Die NATO habe immer die Unantastbarkeit von Georgiens Staatsgebiet bekräftigt, sagt er. Die Parlamentarische Versammlung der NATO stelle auch fest, dass in Georgien ethnische Säuberung stattfinde, offenbar unter russischer Beteiligung. Außerdem gehe es um die Besetzung georgischer Gebiete – ein Verstoß gegen das Völkerrecht.

Vor zwei Jahren hatte die NATO einen Beitritt Georgiens sowie der Ukraine aufgeschoben, wegen des Verhältnisses zu Russland.
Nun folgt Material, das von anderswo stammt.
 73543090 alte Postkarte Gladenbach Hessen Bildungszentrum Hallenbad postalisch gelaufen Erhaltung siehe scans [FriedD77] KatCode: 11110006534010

Das spielt auch diesmal eine wichtige Rolle: Heute kommt der russische Staatspräsident Dmitri Medwedjew nach Lissabon.

Man sei zufrieden, sagt Polens Verteidigungsminister Bogdan Klich, weil die neue Strategie beinhalte, dass man mit Russland zusammenarbeiten müsse: in punkto Afghanistan, Piraterei, Terrorismus, Verbreitung von Massenvernichtungswaffen und so weiter.

Mit dem neuen Konzept habe der Generalsekretär fast eine Friedensmission vollbracht, sagt Euronews-Reporter José Miguel Sardo in Lissabon. Um die Zustimmung aller zu bekommen, habe er aber rhetorische Übungen vollführen müssen wie die, dass die NATO ein Bündnis mit Kernwaffen sei – aber zum Ziel eine kernwaffenfreie Welt habe.